A section from the ASM guide I'm reading:
"MOV AX,51h
MOV BX,4Fh
XCHG AX,BX
PUSH AX
MOV AX,34h
POP BX
PUSH BX
POP AX
First AX is equal to 51h and BX to 4Fh, than the 2 get exchanged. Now we got
AX = 4Fh and BX = 51h. AX gets pushed on the stack, then set to 34h:
AX = 34h and BX = 51h. BX gets poped, than pushed:
AX = 34h and BX = 4Fh. Finally AX gets poped. So the final result is:
AX = 4Fh and BX = 4Fh"
Can someone please explain why AX= 4Fh and not 34h?? That's the last value that was copied to it.
Sorry I haven't posted on /prog/ much and wasn't sure if [code] was supported. Hopefully the text is still readable/good enough for your eyes, your highness.
>>3
Don't listen to >>2. >>2
Here's the [code]ified version:
MOV AX,51h
MOV BX,4Fh
XCHG AX,BX
PUSH AX
MOV AX,34h
POP BX
PUSH BX
POP AX
First AX is equal to 51h and BX to 4Fh, than the 2 get exchanged. Now we got AX = 4Fh and BX = 51h. AX gets pushed on the stack, then set to 34h: AX = 34h and BX = 51h. BX gets poped, than pushed: AX = 34h and BX = 4Fh. Finally AX gets poped.
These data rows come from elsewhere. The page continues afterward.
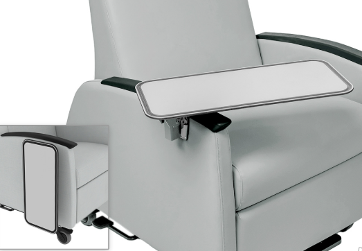 - Adjustable Side Tray swivels at base and can be positioned vertically at side of arm when not in use (extends 4” from arm). Measures 23” L x 10.7”W. Attached to recliner arm via included Quick Release Bracket, on left or right side (when facing chair). Access to handle may be impeded when specified on same side as handle.
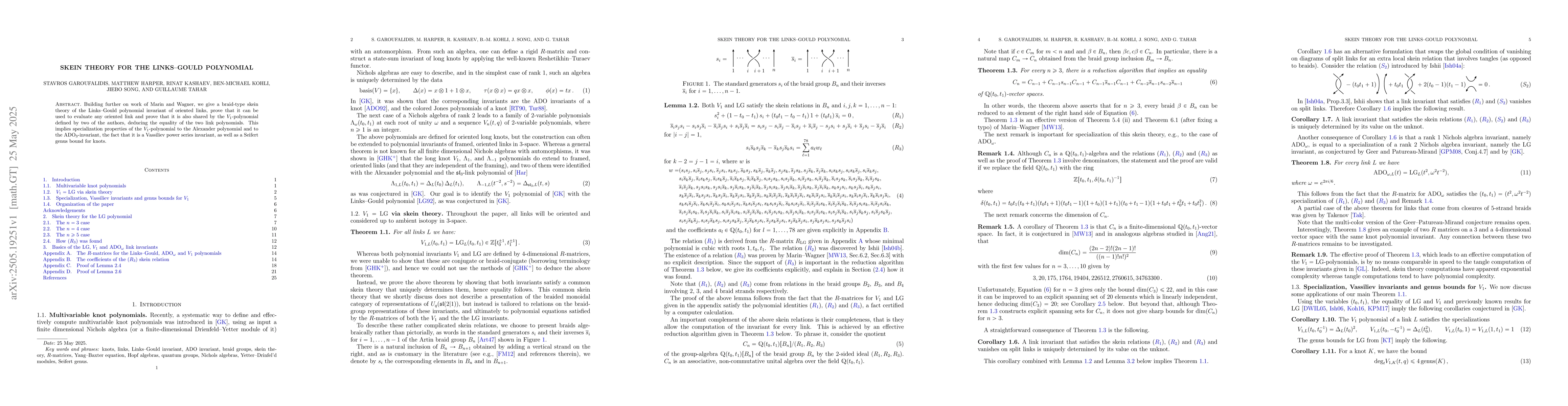 The paper presents a comprehensive skein theory for the Links-Gould polynomial, linking it to the $V_1$-polynomial and proving its properties as a Vassiliev invariant with genus bounds.
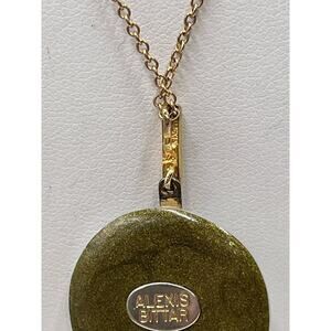 Alexis Bittar Handcrafted White Lucite Pendent Necklace Gold Backing Signed

So the final result is: AX = 4Fh and BX = 4Fh
Name:
Anonymous2011-03-09 1:55
The PUSH instruction stores its operand on the stack.
The POP instruction retrieves the most recent pushed value.
POP stuff is just: mov stuff,[(e)sp]
add (e)sp,{size of popped object}
Or just take whatever is at the top of the stack and place it in the argument passed to pop then add the stack pointer by the size of popped object (usually 2-4 bytes depending on CPU mode, see Intel CPU documentation for details).